§ **WORK ORDER**
Stop after the line with "カーポート:LIXIL アーキフラン 横2台用 F型フラット屋根". Up to that point, output every line of the listing below exactly from the first one onward, skipping pictures.

§ **RECORDS FOR PROCESSING**
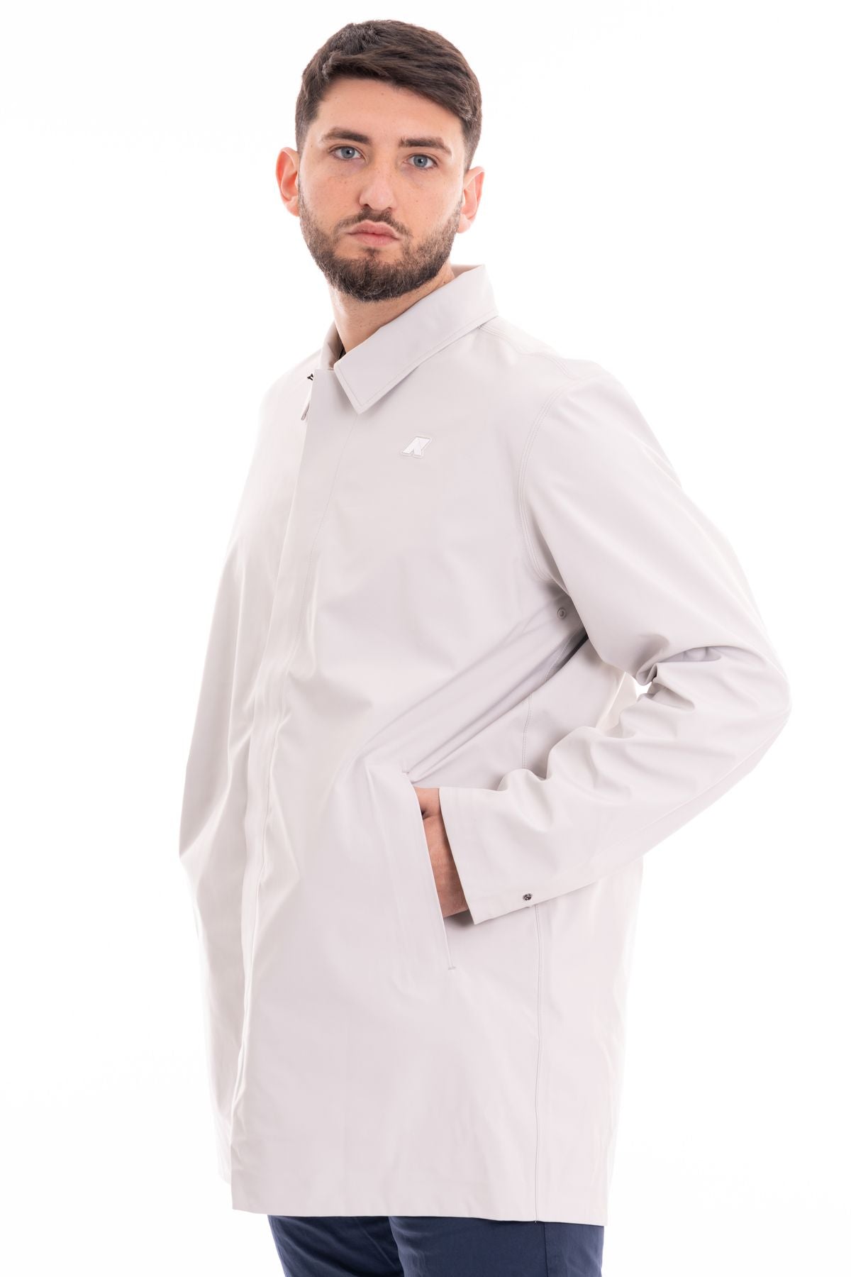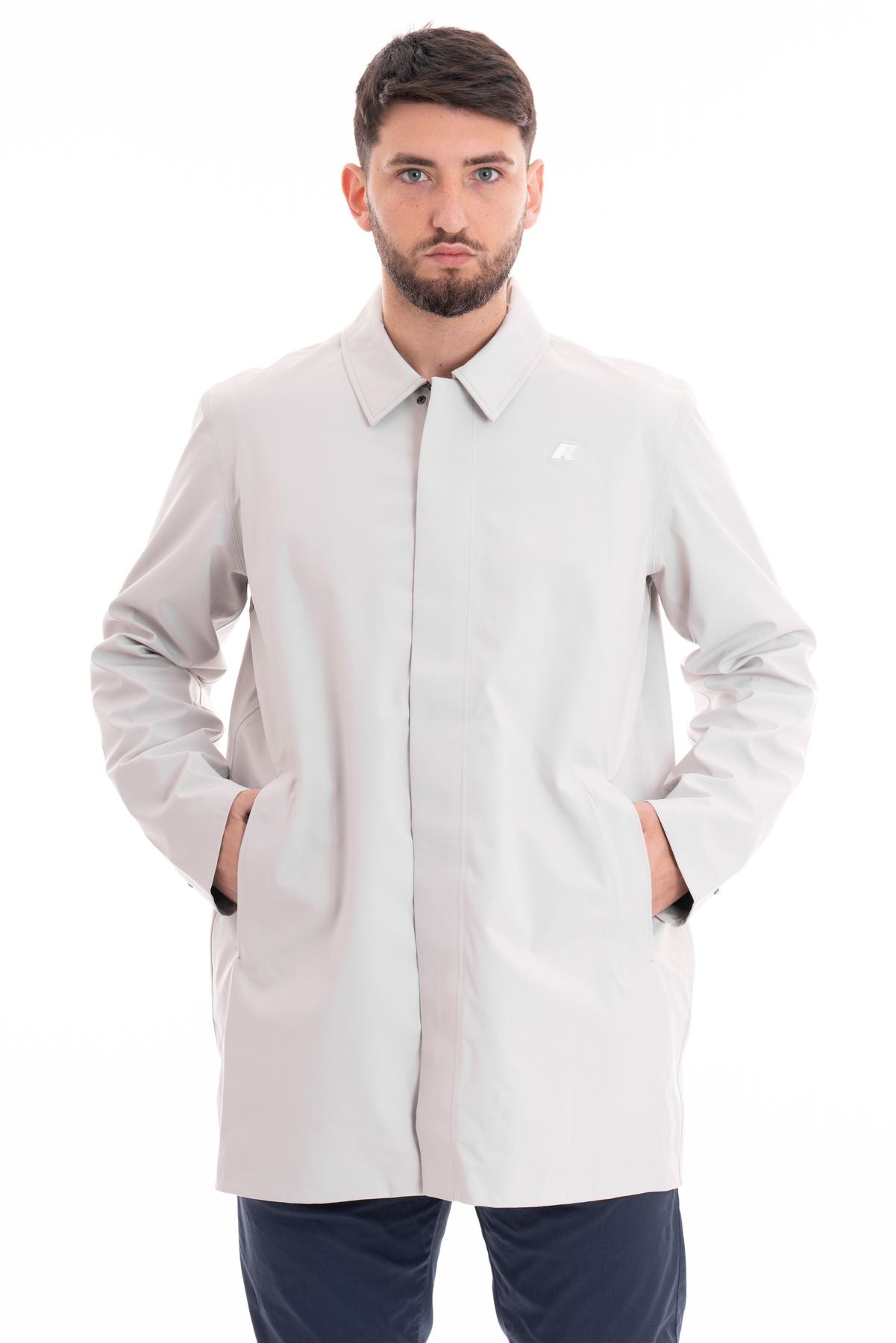 Caratteristiche funzionali, come tasche le tasche laterali e il cappuccio con coulisse elastica, conferiscono un tocco pratico senza sacrificare l'estetica.
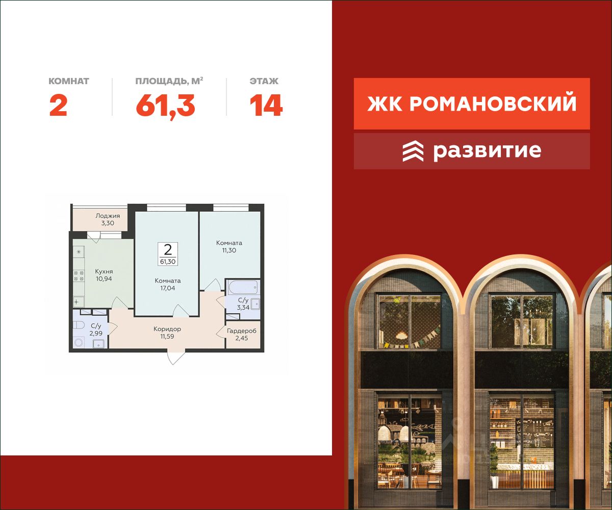 В продаже квартира площадью 61.30 кв. м с черновой отделкой. Квартира расположена на 14 этаже 18 этажного дома, в жилом комплексе "комфорт плюс" класса "Романовский".
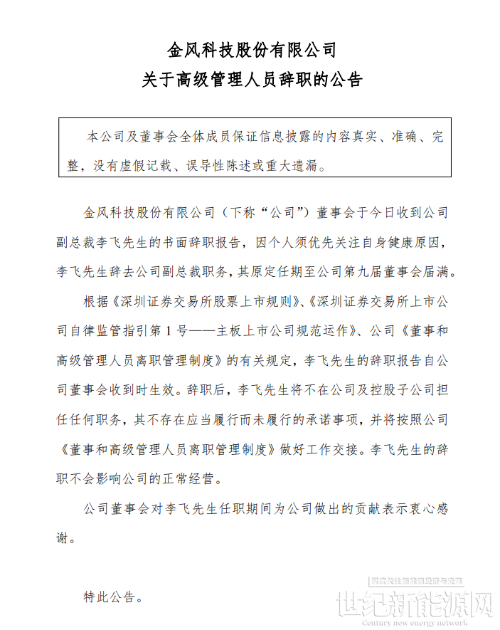 2月11日,风电龙头金风科技发布公告,公司副总裁李飞因个人健康原因辞去副总裁职务,其原定任期至公司第九届董事会届满,辞职报告自董事会收到时即刻生效。辞职后,李飞将不再在公司及控股子公司担任任何职务,且无未履行的承诺事项,后续将按制度完成工作交接。
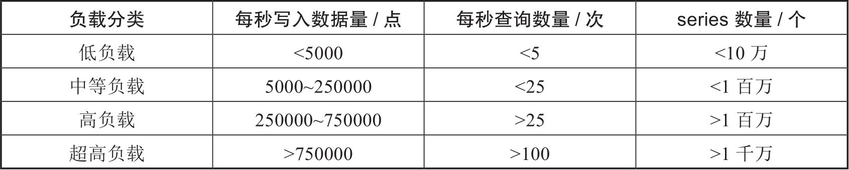 这里定义的InfluxDB的负载是基于每秒写入的数据量、每秒查询的次数以及唯一series的数量(series是一组数据的集合),如表2-1所示。
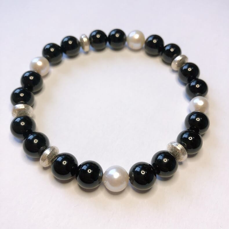 落ち着いた雰囲気のオニキスの中で、淡水パールの美しさが際立ちます。
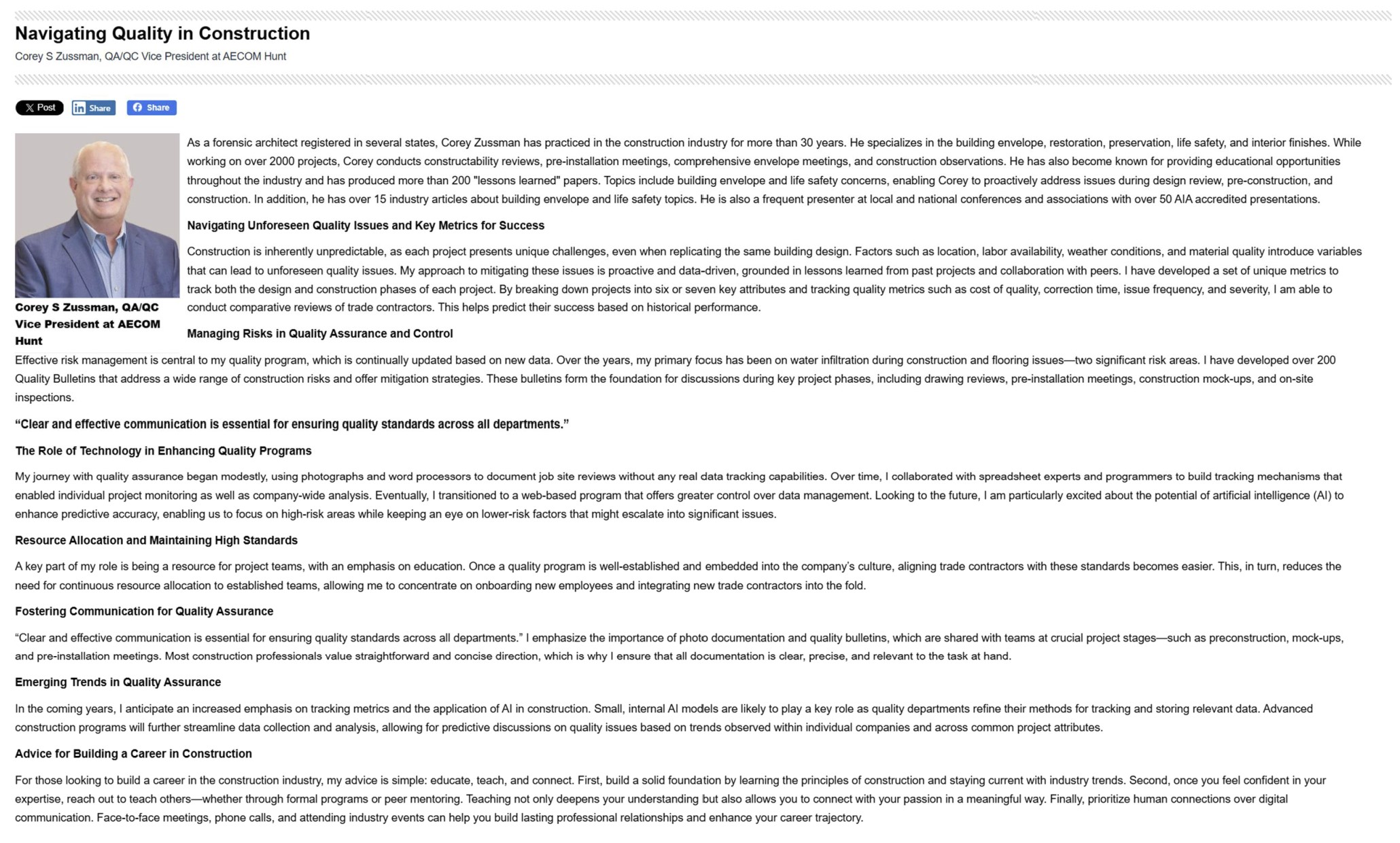Navigating Quality in Construction
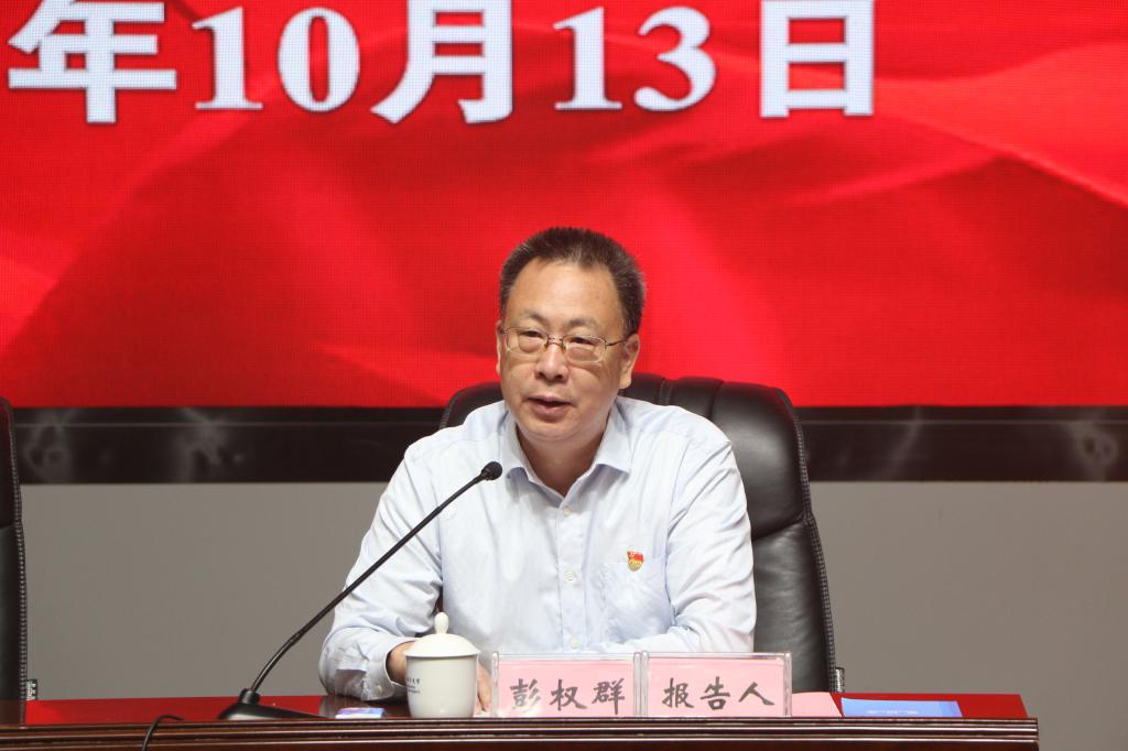 彭权群作题为《讲政治守纪律,勇于自我革命,推进学校纪检监察工作高质量发展》的专题报告。报告围绕“三个怎么看、一个怎么样”,传达学习了习近平总书记关于全面从严治党的重要指示批示精神,阐述了新时代全面从严治党工作的新形势新任务新要求。对全体纪检监察干部提出了要自觉忠诚于党、加强能力建设、领班子带队伍、敢担当善作为、恪守清正廉洁等五个要求。并从压实管党治党责任、强化政治监督、加强日常监督、从严执纪问责、协助和监督巡视整改工作等五个方面提出了全面推进学校纪检监察工作高质量发展的有效举措。
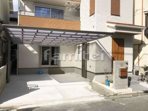 カーポート:LIXIL アーキフラン 横2台用 F型フラット屋根
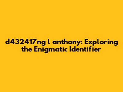Managing and protecting identifiers effectively is crucial for maintaining data integrity, security, and privacy. Here are some best practices to follow when working with identifiers like "d432417ng l anthony." First and foremost, use strong and unique identifiers. Avoid using sequential integers or easily guessable codes, as these can be vulnerable to attacks. Instead, use alphanumeric identifiers with a sufficient length and randomness to ensure uniqueness and security. Store identifiers securely. Never store identifiers in plain text, especially sensitive identifiers like passwords or encryption keys. Instead, use hashing or encryption to protect them from unauthorized access. Implement access controls to restrict access to identifiers to only those who need it. Use role-based access control (RBAC) to define different levels of access based on user roles. Regularly audit access to identifiers to ensure that only authorized users are accessing them. Monitor identifier usage for suspicious activity. Look for patterns of access that could indicate a security breach or data compromise. Implement logging and alerting to detect and respond to suspicious activity. Another crucial best practice is to protect identifiers from exposure. Avoid exposing identifiers unnecessarily in URLs, APIs, or other public interfaces. Instead, use alternative methods for identifying resources, such as opaque tokens or encrypted identifiers. Use data masking or anonymization techniques to protect identifiers in non-production environments. This can help prevent accidental disclosure of sensitive information. Comply with relevant data privacy regulations, such as GDPR or CCPA. These regulations may require you to implement specific measures to protect identifiers and other personal data. Regularly review and update your identifier management practices to ensure that they are aligned with the latest security threats and privacy regulations. Educate employees about the importance of identifier security and privacy. Provide training on how to handle identifiers responsibly and avoid common security mistakes. By following these best practices, you can significantly reduce the risk of data breaches, security incidents, and privacy violations. Remember that identifiers are valuable assets that need to be protected with the same level of care as any other sensitive data. In conclusion, while "d432417ng l anthony" may seem like a random string at first glance, understanding the context, types, and best practices surrounding identifiers allows us to unlock their meaning and manage them effectively in the digital world. Whether it's a user ID, a product code, or a transaction reference, identifiers play a crucial role in organizing, accessing, and protecting information in a wide range of systems and applications.
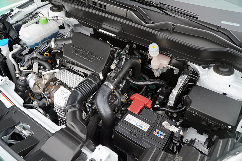 接下來就進入改款重點,就是換裝48V輕油電混合動力系統,該套系統與Swift Sport搭載的相同,以1.4升Boosterjet渦輪增壓引擎,搭配48V ISG 整合式啟動馬達發電機所組成,最大馬力為129.2PS./5,500rpm,最大扭力為23.9kgm/2,000rpm,而輔助馬達則會依照鋰電池電量與行駛狀態,予以動力輔助,最大可輸出10Kw之功率與53Nm之扭力,並且搭配六速手自排變速系統。
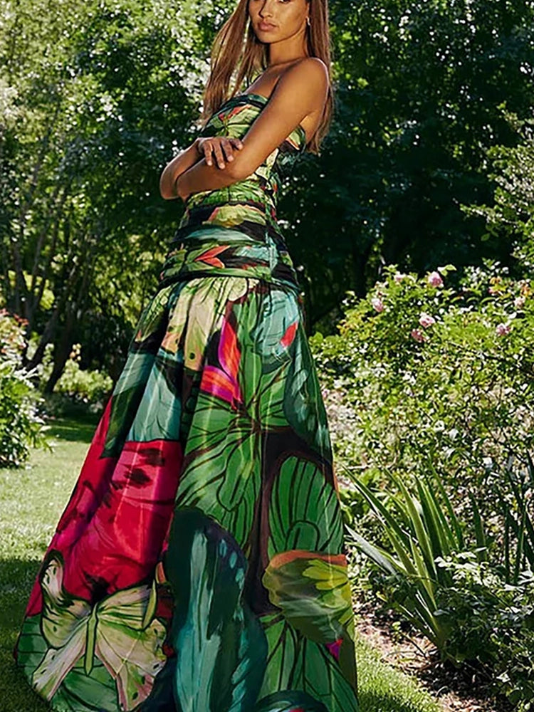 Ensemble deux pièces ample floral tie-dye contrasté exquis

§ **EXERCISE OUTPUT**
 Caratteristiche funzionali, come tasche le tasche laterali e il cappuccio con coulisse elastica, conferiscono un tocco pratico senza sacrificare l'estetica.
 В продаже квартира площадью 61.30 кв. м с черновой отделкой. Квартира расположена на 14 этаже 18 этажного дома, в жилом комплексе "комфорт плюс" класса "Романовский".
 2月11日,风电龙头金风科技发布公告,公司副总裁李飞因个人健康原因辞去副总裁职务,其原定任期至公司第九届董事会届满,辞职报告自董事会收到时即刻生效。辞职后,李飞将不再在公司及控股子公司担任任何职务,且无未履行的承诺事项,后续将按制度完成工作交接。
 这里定义的InfluxDB的负载是基于每秒写入的数据量、每秒查询的次数以及唯一series的数量(series是一组数据的集合),如表2-1所示。
 落ち着いた雰囲気のオニキスの中で、淡水パールの美しさが際立ちます。
Navigating Quality in Construction
 彭权群作题为《讲政治守纪律,勇于自我革命,推进学校纪检监察工作高质量发展》的专题报告。报告围绕“三个怎么看、一个怎么样”,传达学习了习近平总书记关于全面从严治党的重要指示批示精神,阐述了新时代全面从严治党工作的新形势新任务新要求。对全体纪检监察干部提出了要自觉忠诚于党、加强能力建设、领班子带队伍、敢担当善作为、恪守清正廉洁等五个要求。并从压实管党治党责任、强化政治监督、加强日常监督、从严执纪问责、协助和监督巡视整改工作等五个方面提出了全面推进学校纪检监察工作高质量发展的有效举措。
 カーポート:LIXIL アーキフラン 横2台用 F型フラット屋根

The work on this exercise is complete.